- REQUIRED ACTION -
Output the data below only from the line containing "Айнұр Нүрбапақызы оқушыларға" up to and including the line containing "一、甲方从乙方处订购合格__", exact and with the pictures left out.

- LISTED RECORDS -
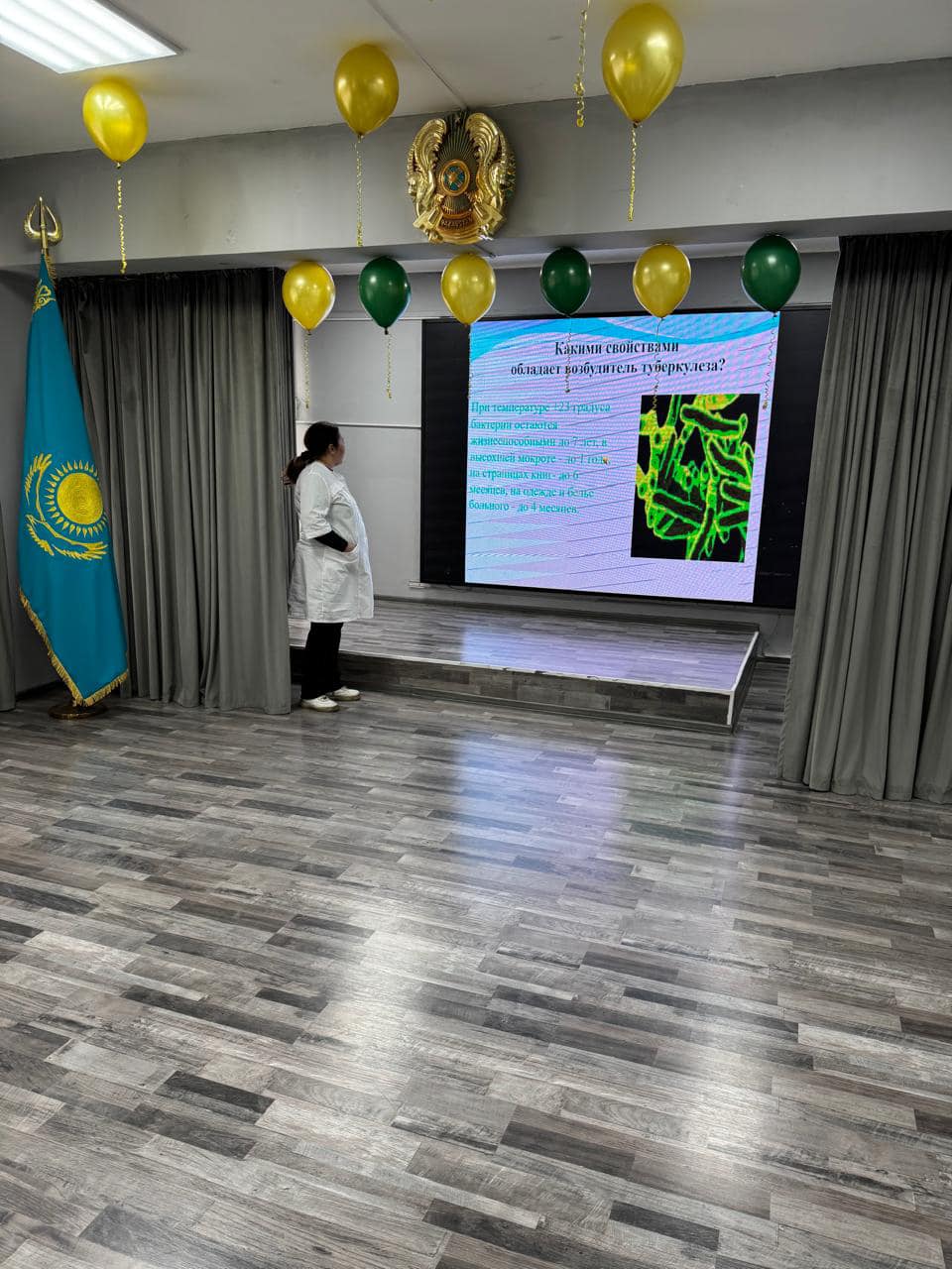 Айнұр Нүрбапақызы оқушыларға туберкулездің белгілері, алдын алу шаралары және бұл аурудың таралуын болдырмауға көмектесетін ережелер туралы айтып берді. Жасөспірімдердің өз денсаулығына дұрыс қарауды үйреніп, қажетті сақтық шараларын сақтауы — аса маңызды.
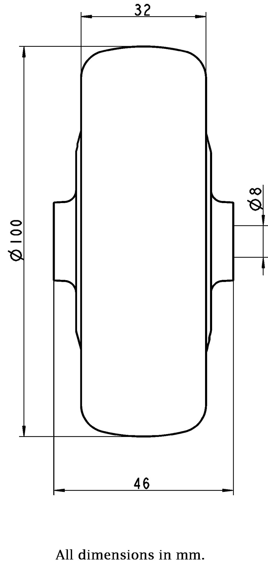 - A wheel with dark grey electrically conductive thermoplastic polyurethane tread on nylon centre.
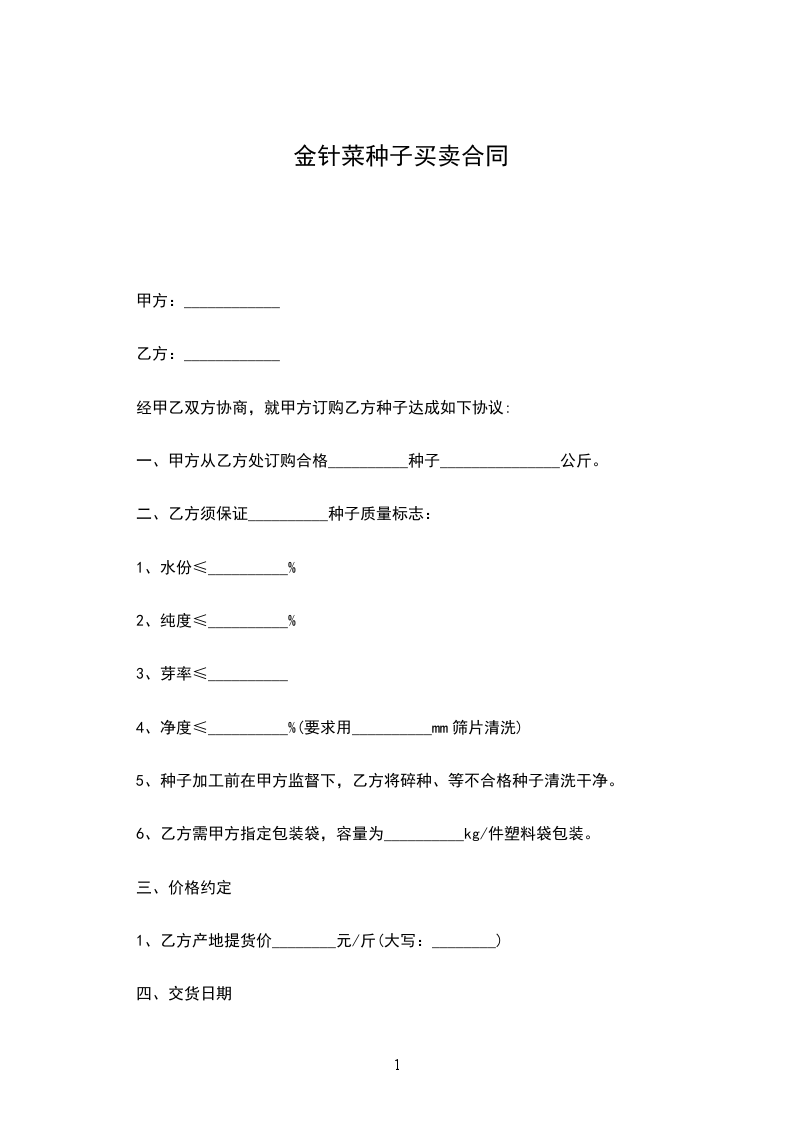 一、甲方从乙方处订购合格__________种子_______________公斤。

==

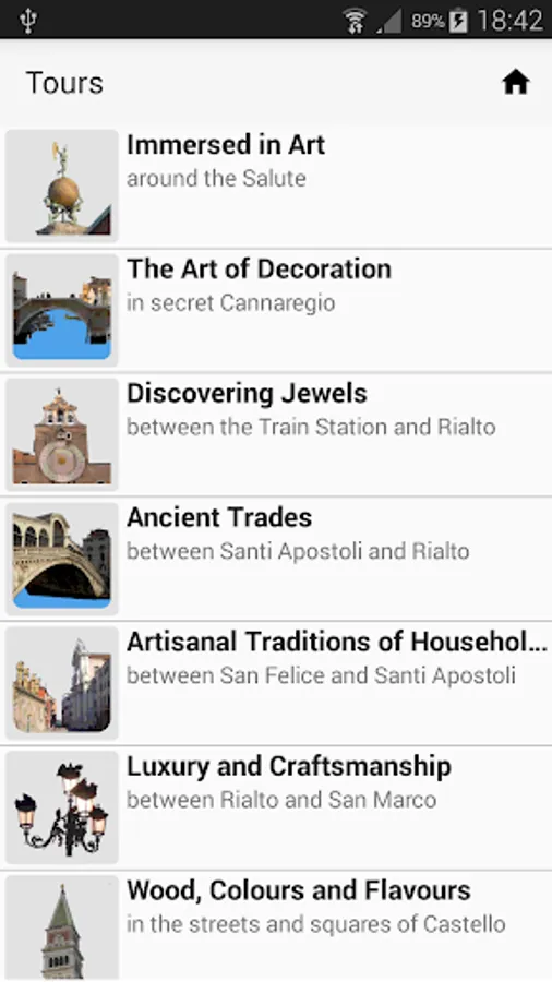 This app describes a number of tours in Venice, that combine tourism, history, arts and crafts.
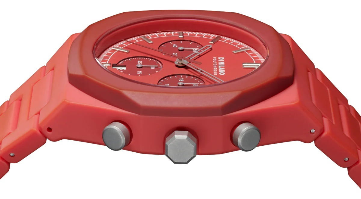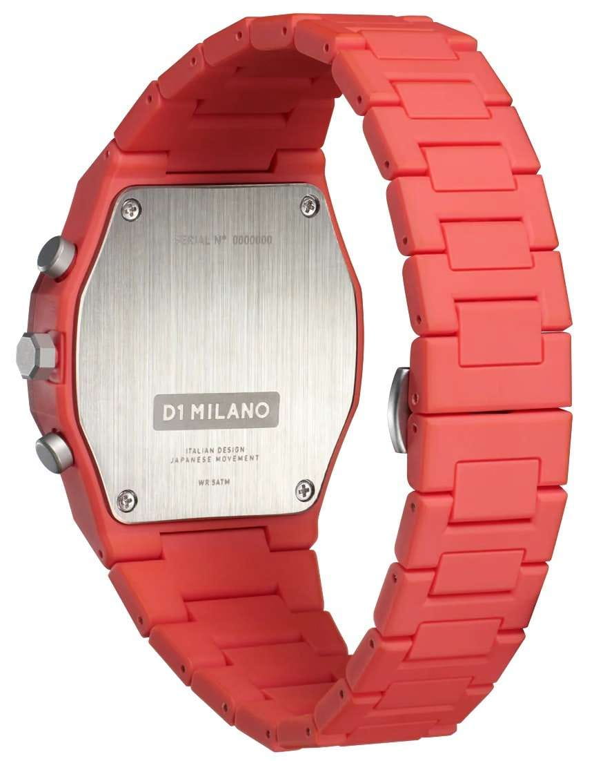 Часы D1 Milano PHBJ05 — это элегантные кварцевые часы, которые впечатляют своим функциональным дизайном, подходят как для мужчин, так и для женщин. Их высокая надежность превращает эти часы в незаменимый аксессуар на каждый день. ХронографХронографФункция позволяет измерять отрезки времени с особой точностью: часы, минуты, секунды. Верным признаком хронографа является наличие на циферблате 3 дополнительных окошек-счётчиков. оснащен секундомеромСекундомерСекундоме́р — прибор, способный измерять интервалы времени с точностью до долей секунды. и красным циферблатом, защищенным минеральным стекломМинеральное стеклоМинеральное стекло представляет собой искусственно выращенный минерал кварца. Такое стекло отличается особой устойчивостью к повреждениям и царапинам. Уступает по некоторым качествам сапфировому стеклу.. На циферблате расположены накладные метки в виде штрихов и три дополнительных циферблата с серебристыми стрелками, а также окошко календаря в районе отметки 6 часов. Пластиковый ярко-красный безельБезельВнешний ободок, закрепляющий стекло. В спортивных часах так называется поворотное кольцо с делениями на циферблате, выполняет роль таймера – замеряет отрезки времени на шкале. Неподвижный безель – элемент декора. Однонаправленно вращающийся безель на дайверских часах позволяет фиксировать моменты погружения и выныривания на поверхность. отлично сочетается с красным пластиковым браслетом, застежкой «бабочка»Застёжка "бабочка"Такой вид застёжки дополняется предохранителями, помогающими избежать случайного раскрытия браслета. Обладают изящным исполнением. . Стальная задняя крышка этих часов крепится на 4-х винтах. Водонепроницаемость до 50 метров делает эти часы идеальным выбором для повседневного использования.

* * *

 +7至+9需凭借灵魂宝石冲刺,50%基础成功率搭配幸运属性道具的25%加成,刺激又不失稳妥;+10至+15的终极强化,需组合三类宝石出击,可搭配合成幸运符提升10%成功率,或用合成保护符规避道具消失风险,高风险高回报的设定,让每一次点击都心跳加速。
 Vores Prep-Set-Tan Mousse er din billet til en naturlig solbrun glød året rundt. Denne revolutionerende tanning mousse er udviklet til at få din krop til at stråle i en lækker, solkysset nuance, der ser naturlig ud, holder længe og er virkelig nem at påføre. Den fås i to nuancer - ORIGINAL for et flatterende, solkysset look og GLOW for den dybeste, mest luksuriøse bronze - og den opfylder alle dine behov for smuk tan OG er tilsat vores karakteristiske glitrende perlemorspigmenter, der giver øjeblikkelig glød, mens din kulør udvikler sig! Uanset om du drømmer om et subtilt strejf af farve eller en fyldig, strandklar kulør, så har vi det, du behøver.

- FINAL ANSWER -
 Айнұр Нүрбапақызы оқушыларға туберкулездің белгілері, алдын алу шаралары және бұл аурудың таралуын болдырмауға көмектесетін ережелер туралы айтып берді. Жасөспірімдердің өз денсаулығына дұрыс қарауды үйреніп, қажетті сақтық шараларын сақтауы — аса маңызды.
 - A wheel with dark grey electrically conductive thermoplastic polyurethane tread on nylon centre.
 一、甲方从乙方处订购合格__________种子_______________公斤。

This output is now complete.